= Jim Dornan =

Irish obstetrician and gynecologist (1948–2021)

James Connor Dornan (5 February 1948 – 15 March 2021) was a Northern Irish obstetrician and gynaecologist. He was also a professor and frequently lectured both nationally and internationally, holding the chair in foetal medicine at Queen's University Belfast and that in health & life sciences at Ulster University.

== Early life ==

Dornan was born in Holywood, County Down. His father, also Jim, was an accountant who served as the general manager of the Northern Ireland Institute for the Disabled. His mother, Clare, was the first occupational therapist in Northern Ireland.

Dornan attended Bangor Grammar School and from there went on to study medicine at Queen's University Belfast where he was mentored by Harith Lamki, Buster Holland and Ken Houston.

== Career ==
Qualifying in 1973, he did his houseman's year in the Belfast City Hospital before training in his chosen career. He once considered acting as a career. In 1976, he was seconded to Queen's University in Kingston, Canada as a perinatal resident. On returning to Northern Ireland, he rotated around the north to complete his training and obtain an Honours MD from Queen's in 1981 for his research into fetal breathing. In 1986, he was appointed a consultant senior lecturer and subsequently reader, before he followed professor Graham Harley at the Royal Maternity Hospital.

In 2004, Dornan was elected senior vice president of the Royal College of Obstetricians and Gynaecologists in London, having been on its Council as a fellow for the previous five years. This was issued with the particular responsibility for developing global health initiatives. Amongst them was the establishment of an emergency obstetrician that provides lifesaving skills for medics, midwives and nurses in under-resourced countries, while working closely with the Liverpool School of Tropical Medicine.

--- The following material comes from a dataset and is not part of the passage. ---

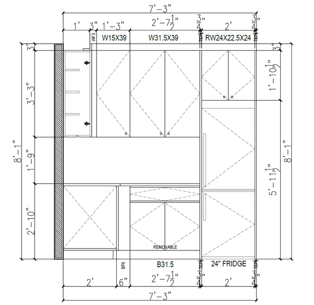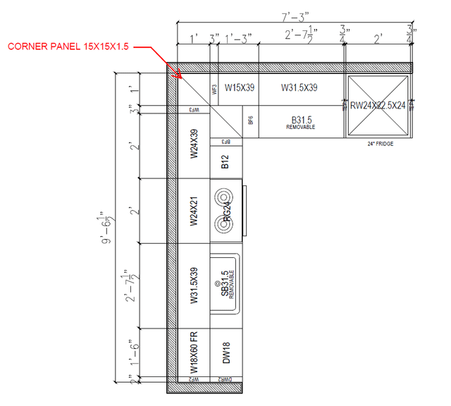 ここの誰かがキッチンプランのコールアウトを理解するのを手伝ってくれることを願っています。注記には「コーナーパネル 15 x 15 x 1.5」と記載されています。

Dornan wrote a non-clinical book, An Everyday Miracle, which was published in September 2013 by Blackstaff Press. He also had a late in life turn at acting. He appeared in the third series of the ITV drama Marcella, which stars Anna Friel. He also played a porter in The Fall, in which his son Jamie Dornan played a serial killer.

== Personal life ==
Dornan had three children, Liesa, Jessica and Jamie from his marriage to his first wife, Lorna, who died of cancer. He lived in Belfast, Northern Ireland, and was married to his second wife Samina who is also a gynaecologist and obstetrician and a strong supporter of legalising abortion in Northern Ireland. She appeared in the BBC Three documentary, Abortion: Ireland's Guilty Secret?. Dornan died on 15 March 2021 after having suffered from COVID-19. He had previously been diagnosed with chronic lymphocytic leukaemia.